SPACs have recently faced a difficult period of getting retail shareholders to vote. Digital World (DWAC) has failed to obtain the necessary shareholder approval to extend the deal to acquire Trump Media & Technology Group. The retail investors are effectively cutting the share price in half with shareholders set for the $10 payout on the $20 stock.

With CF Acquisition trading at $12, investors shouldn’t vote to redeem shares considering the redemption only offers a $10 cash return. The closing of the SPAC deal offers Rumble ~$400 million in net cash to invest in the future via $300 million held in the Trust Account and $100 million via the Pipe. As with most SPACs, a big key is raising funds at the $10 level from the SPAC and the PIPE deal versus ones with high redemption levels ending up have to raise funds at lower stock prices.

The stock will have 261 million diluted shares plus the warrants, and earn-out shares. The fully diluted share count could end up higher based on warrants exercisable at $11.50 per share and earn-out shares not redeemable until at least $15.00.

Missing Financials

A big key to where the stock trades following the approval of the SPAC deal are the actual financials. Rumble is still in the startup phase and the public market isn’t very forgiving of money losing stocks right now.

The online video service reported August monthly active users (MAUs) jumped to 78 million in August. The key US & Canada number was 63 million for 103% YoY growth with huge growth from the younger Gen Z age group.

The Q2’22 MAUs were only 44 million. Users uploaded 8,948 video hours per day, representing 283% growth and Rumble only reported 36 million MAUs for Q3’21 when the SPAC was announced. The online video platform clearly doesn’t have any issues with growing the base of content creators and users.

Rumble continues growth mode, but the stock market has to understand that only a couple of weeks ago the company launched their Rumble Ads platform. The platform will take years to fully monetize users similar to other social media platforms where ARPUs in the $1 range are still common.

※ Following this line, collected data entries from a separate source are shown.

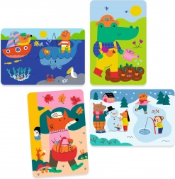 A szett 4 erős lapot tartalmaz vidám állatokkal tavaszi, nyári, őszi és téli tevékenységekben. Tökéletes az évszakok megismeréséhez és közös beszélgetésekhez.
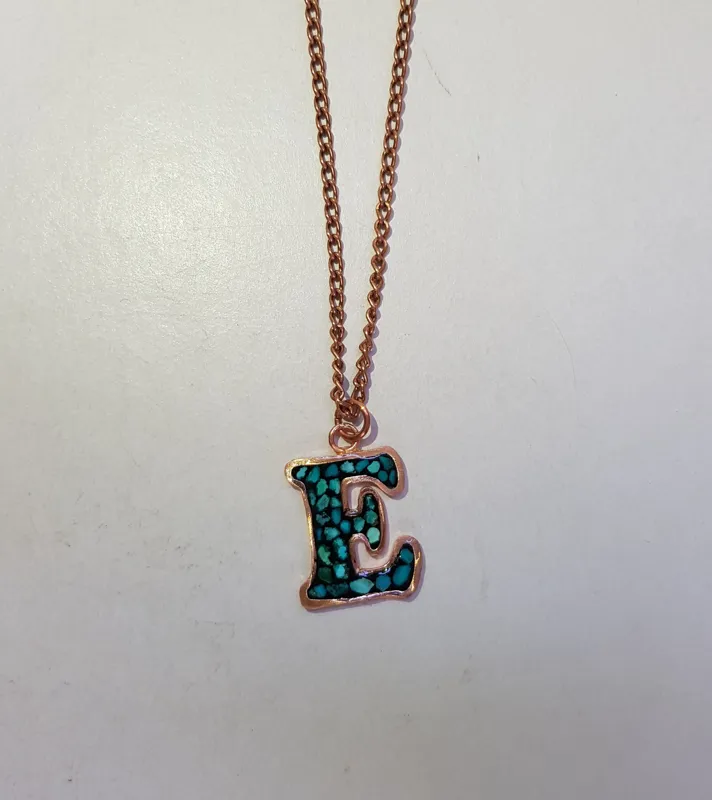 یک گردنبند مسی فیروزه کوبی شده طرح اسم E برای خوش سلیقه ها، دارای خواص درمانی مس،خواص فیروزه دفع چشم و نظر جذب انرژی مثبت،محصول فوق دارای زنجیر مسی شصت سانتی میباشد.
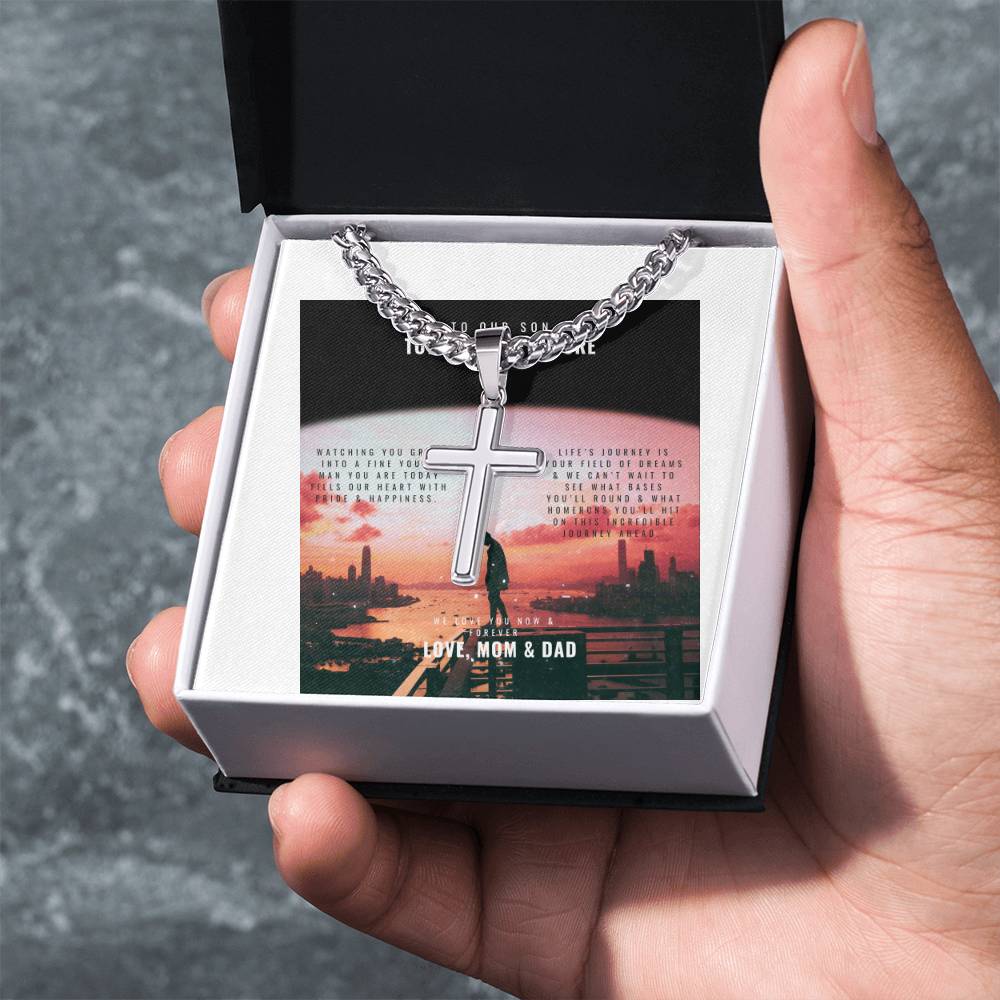 Wear your faith proudly with this Cuban Chain with Artisan Cross Necklace. Perfect for special occasions or everyday wear, this makes a wonderful gift idea for you or your loved one. It will surely be treasured for years to come!
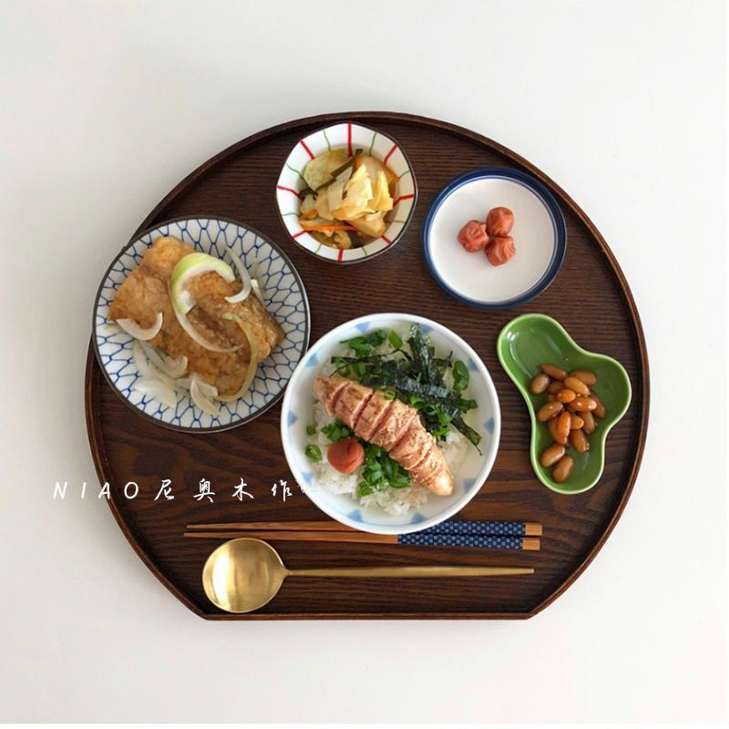 木质日式托盘家用托盘餐具套装一人食不规则圆形托盘早餐盘
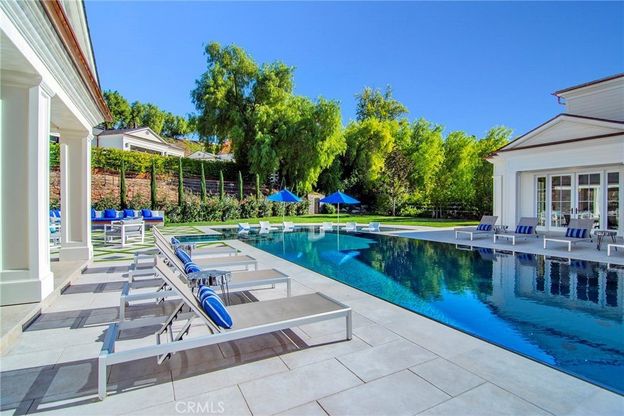 This exceptional custom estate presents a sophisticated French Country Modern sensibility that is both architectural and enduring. Thoughtfully designed and beautifully proportioned, the home offers a sense of quiet luxury rooted in quality and craftsmanship rather than trend. Upon entry, a dramatic foyer and adjoining sitting room create an exceptional arrival experience, highlighted by an illuminated bar with views across the pool. A gourmet kitchen opens seamlessly to an expansive family room, ideal for everyday living and entertaining. The layout continues with a game room with wet bar, private movie theater, custom paneled office, and a striking two-story gym filled with natural light, complete with a sauna and massage room. A discreet PRIVATE ELEVATOR serves the home, enhancing comfort across levels. The primary suite is a serene retreat featuring an all-stone bath, steam shower, sauna, and generous dual custom closets. Throughout the home, high-quality finishes, designer lighting, blackout window treatments, and custom closet systems reflect a thoughtful approach to luxury living. Recent enhancements include a whole-house water filtration system, upgraded HVAC, comprehensive security with cameras, and backup generators serving both the main residence and guest house. The grounds unfold like a private countryside escape, set across approximately 2.34 ACRES SPANNING TWO PARCELS, with mature landscaping, open skies, and a PERSONAL VINEYARD THAT ACTIVELY PRODUCES WINE, lending the property a true estate character. Outdoor amenities include an outdoor living room with fireplace, indoor-outdoor bar, pizza oven, BBQ center, fire pit, zero-edge pool with Baja entry, spa, and circular driveway with entry fountains. Music flows throughout the home via a high-quality sound system, complemented by a newly completed ultra-modern RECORDING STUDIO. A full GUEST HOUSE with second kitchen and private driveway offers exceptional flexibility, along with an additional seven-car garage. Square footage includes both the main residence and guest house. Ownership also includes access to the Hidden Hills lifestyle, offering guard-gated privacy, on-site security, miles of hiking and equestrian trails, riding arenas, tennis and pickleball courts, a community pool, recreation center, theater, and a strong sense of community within a private, pastoral setting. This one-of-a-kind Hidden Hills estate offers a lifestyle of understated luxury, privacy, and enduring elegance.

The new subscription platform business is promising, but Locals only created $7.5 million in transactions during Q2’22. Locals provides a unique platform allowing creators to sell access to movies and other content on an individual basis.

Rumble hasn’t reported Q2’22 financials. The company reported Q1 revenues of only $4.0 million with a minimal gross profit of $0.5 million.

Income statement

Source: Rumble S-4 filing

Building out these platforms come at high costs and investors are likely to have sticker shock when seeing the limited revenue growth in relation to users and expenses. If anything, the higher MAUs boost costs and the company isn’t fully monetizing these users.

In the private market, VC investors would fully fund these losses realizing the surging user base could turn into a very profitable business in a few years. In the public market, investors aren’t so long term thinking without direct access to the management team and more updated financials.

The stock is likely to struggle with revenues sitting far below $50 million and the stock market cap at $3.1 billion. The valuation just won’t attract investors with the additional risk of whether Rumble will raise enough cash, as $400 million is pocket change in the social media and online video sector.

Takeaway

The key investor takeaway is that once the dust settles, the stock could become very appealing at lower prices with what could turn into a very valuable user base. Rumble just isn’t ready for prime time yet and updated financials could shock public investors with the meager numbers and likely mounting losses.